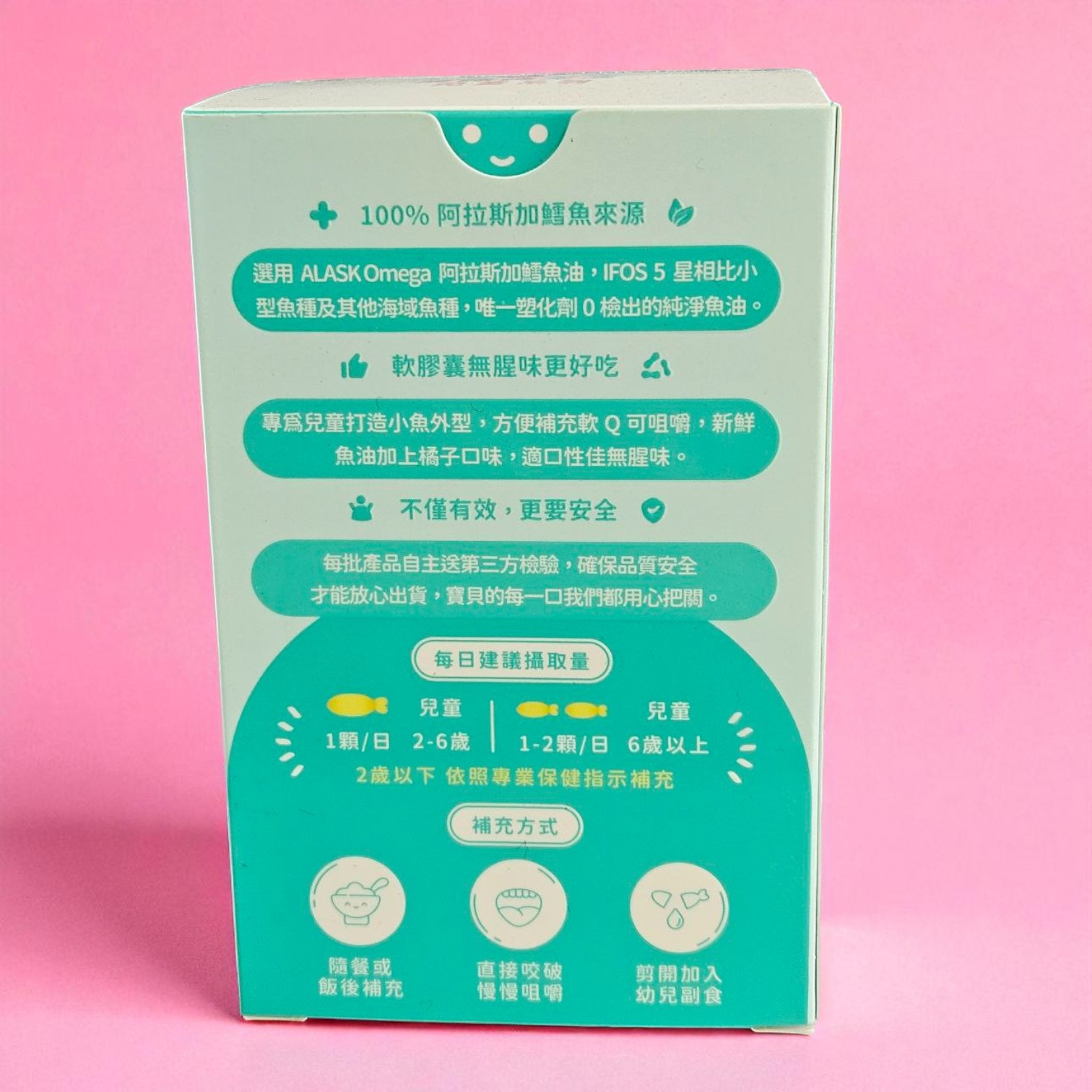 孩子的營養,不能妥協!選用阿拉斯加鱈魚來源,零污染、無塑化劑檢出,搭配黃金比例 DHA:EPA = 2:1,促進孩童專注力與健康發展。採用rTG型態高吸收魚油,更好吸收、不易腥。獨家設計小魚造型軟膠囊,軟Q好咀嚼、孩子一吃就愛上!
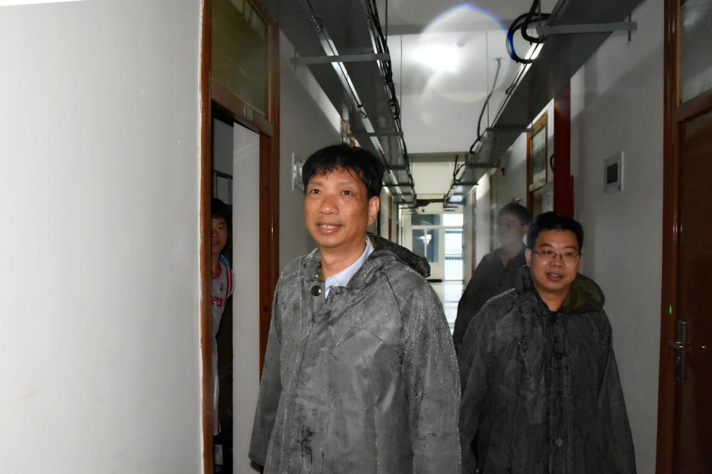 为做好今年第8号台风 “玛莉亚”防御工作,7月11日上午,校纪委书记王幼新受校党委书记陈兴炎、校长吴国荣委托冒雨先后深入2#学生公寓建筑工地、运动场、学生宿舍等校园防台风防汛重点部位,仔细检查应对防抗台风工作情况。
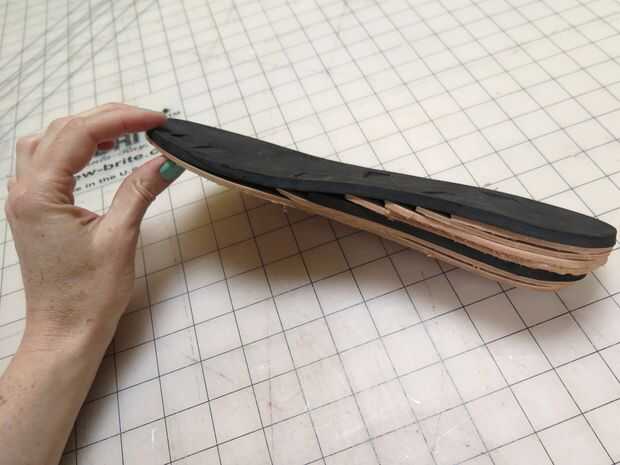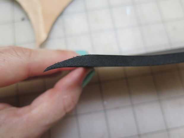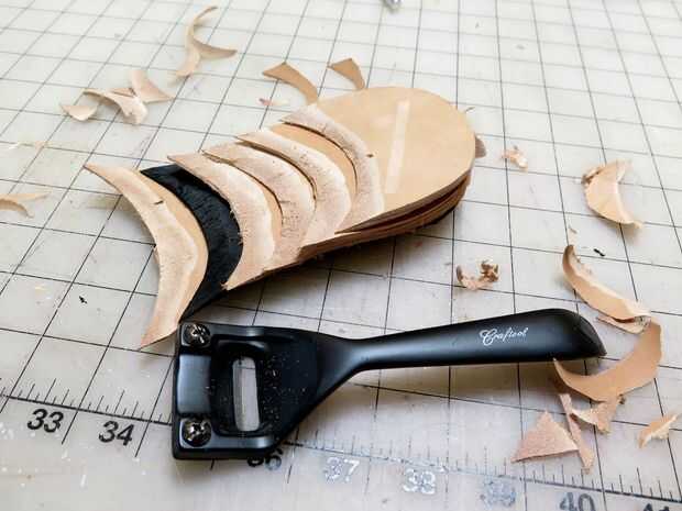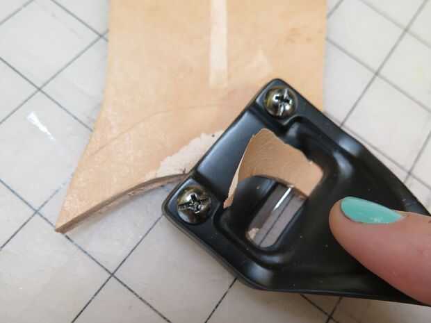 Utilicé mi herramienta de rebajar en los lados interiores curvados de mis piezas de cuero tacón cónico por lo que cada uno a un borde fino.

________

■ What to work on: Output the listing exactly. Leave out any image.

■ Written answer:
 孩子的營養,不能妥協!選用阿拉斯加鱈魚來源,零污染、無塑化劑檢出,搭配黃金比例 DHA:EPA = 2:1,促進孩童專注力與健康發展。採用rTG型態高吸收魚油,更好吸收、不易腥。獨家設計小魚造型軟膠囊,軟Q好咀嚼、孩子一吃就愛上!
 为做好今年第8号台风 “玛莉亚”防御工作,7月11日上午,校纪委书记王幼新受校党委书记陈兴炎、校长吴国荣委托冒雨先后深入2#学生公寓建筑工地、运动场、学生宿舍等校园防台风防汛重点部位,仔细检查应对防抗台风工作情况。
 Utilicé mi herramienta de rebajar en los lados interiores curvados de mis piezas de cuero tacón cónico por lo que cada uno a un borde fino.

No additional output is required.